▶ [Directions] Transcribe only part of the material below: the lines from the one containing "比赛伊始,射阳队迅速进入竞技" through the one containing "포스코가 기업시민에서 미래의", inclusive, exactly as written.

▶ [Study material]
----------------

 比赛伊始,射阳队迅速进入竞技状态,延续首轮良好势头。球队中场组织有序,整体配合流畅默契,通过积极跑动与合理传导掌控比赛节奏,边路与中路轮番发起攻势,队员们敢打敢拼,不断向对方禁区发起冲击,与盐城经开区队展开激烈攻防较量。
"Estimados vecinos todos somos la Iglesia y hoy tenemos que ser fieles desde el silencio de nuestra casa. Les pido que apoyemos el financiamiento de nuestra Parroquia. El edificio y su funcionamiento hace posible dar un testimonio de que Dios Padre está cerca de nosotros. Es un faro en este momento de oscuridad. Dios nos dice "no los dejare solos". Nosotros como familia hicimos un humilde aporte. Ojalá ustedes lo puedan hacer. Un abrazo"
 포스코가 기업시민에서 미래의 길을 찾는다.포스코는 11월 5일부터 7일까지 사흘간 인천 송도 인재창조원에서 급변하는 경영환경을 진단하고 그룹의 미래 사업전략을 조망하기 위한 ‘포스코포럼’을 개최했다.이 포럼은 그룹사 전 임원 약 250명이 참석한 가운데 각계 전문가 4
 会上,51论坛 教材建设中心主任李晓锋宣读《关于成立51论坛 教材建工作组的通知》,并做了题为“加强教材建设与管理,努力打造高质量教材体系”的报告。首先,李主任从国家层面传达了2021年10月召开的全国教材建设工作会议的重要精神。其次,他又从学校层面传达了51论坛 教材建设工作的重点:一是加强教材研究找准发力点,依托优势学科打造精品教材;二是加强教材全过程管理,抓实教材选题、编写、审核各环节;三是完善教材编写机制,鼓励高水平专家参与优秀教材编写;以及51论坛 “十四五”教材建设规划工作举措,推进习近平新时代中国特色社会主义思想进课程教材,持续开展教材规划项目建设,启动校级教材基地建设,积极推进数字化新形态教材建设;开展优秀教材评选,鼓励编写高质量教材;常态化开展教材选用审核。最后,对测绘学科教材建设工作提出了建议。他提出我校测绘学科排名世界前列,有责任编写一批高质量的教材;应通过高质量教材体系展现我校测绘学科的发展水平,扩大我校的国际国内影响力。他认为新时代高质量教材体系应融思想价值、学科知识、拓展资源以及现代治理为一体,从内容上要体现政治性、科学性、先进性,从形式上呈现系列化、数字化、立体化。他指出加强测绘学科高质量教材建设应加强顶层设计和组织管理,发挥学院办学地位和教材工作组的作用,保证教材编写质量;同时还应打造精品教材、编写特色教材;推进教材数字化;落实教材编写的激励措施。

----------------

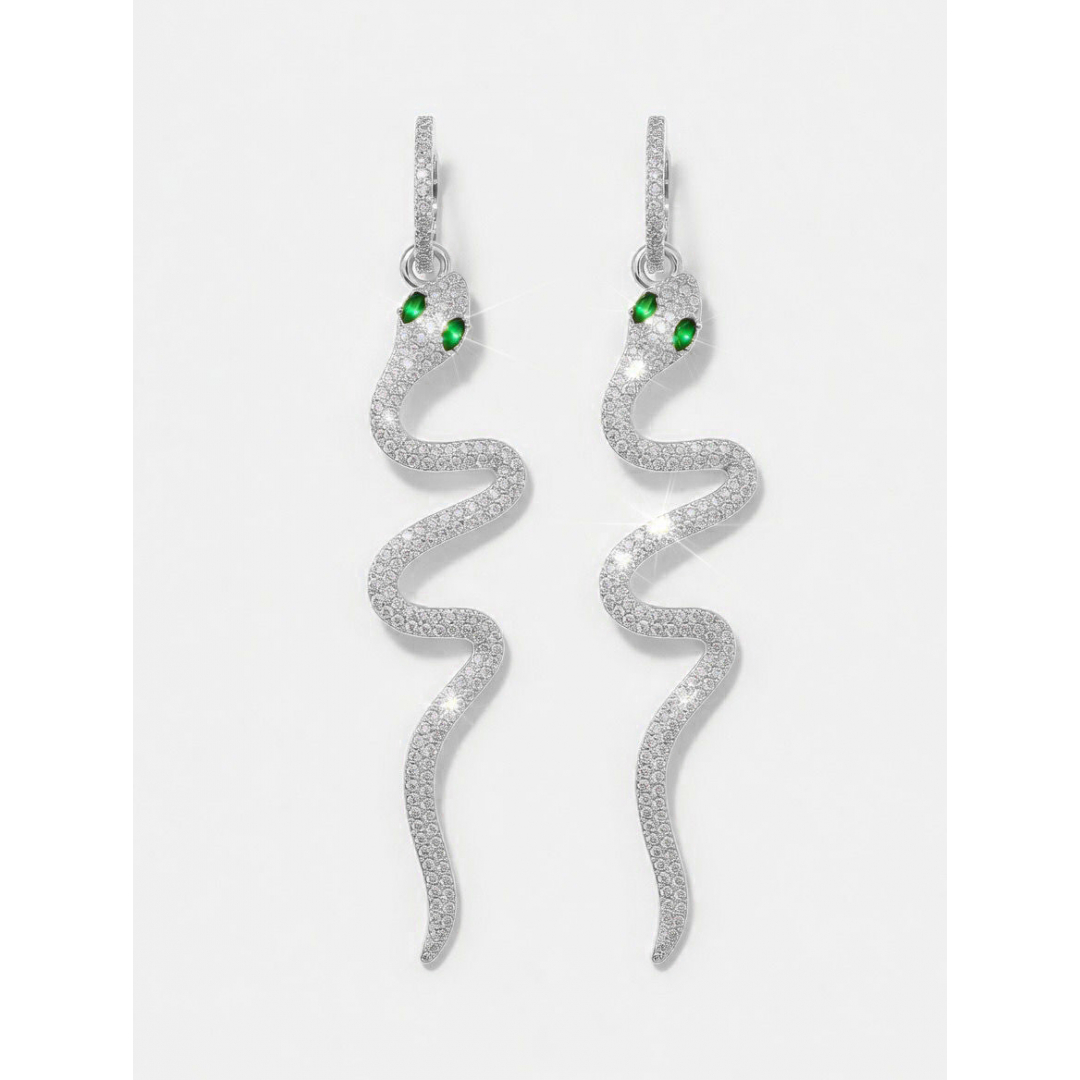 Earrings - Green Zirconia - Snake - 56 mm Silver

----------------

▶ [Solution for this exercise]
 比赛伊始,射阳队迅速进入竞技状态,延续首轮良好势头。球队中场组织有序,整体配合流畅默契,通过积极跑动与合理传导掌控比赛节奏,边路与中路轮番发起攻势,队员们敢打敢拼,不断向对方禁区发起冲击,与盐城经开区队展开激烈攻防较量。
"Estimados vecinos todos somos la Iglesia y hoy tenemos que ser fieles desde el silencio de nuestra casa. Les pido que apoyemos el financiamiento de nuestra Parroquia. El edificio y su funcionamiento hace posible dar un testimonio de que Dios Padre está cerca de nosotros. Es un faro en este momento de oscuridad. Dios nos dice "no los dejare solos". Nosotros como familia hicimos un humilde aporte. Ojalá ustedes lo puedan hacer. Un abrazo"
 포스코가 기업시민에서 미래의 길을 찾는다.포스코는 11월 5일부터 7일까지 사흘간 인천 송도 인재창조원에서 급변하는 경영환경을 진단하고 그룹의 미래 사업전략을 조망하기 위한 ‘포스코포럼’을 개최했다.이 포럼은 그룹사 전 임원 약 250명이 참석한 가운데 각계 전문가 4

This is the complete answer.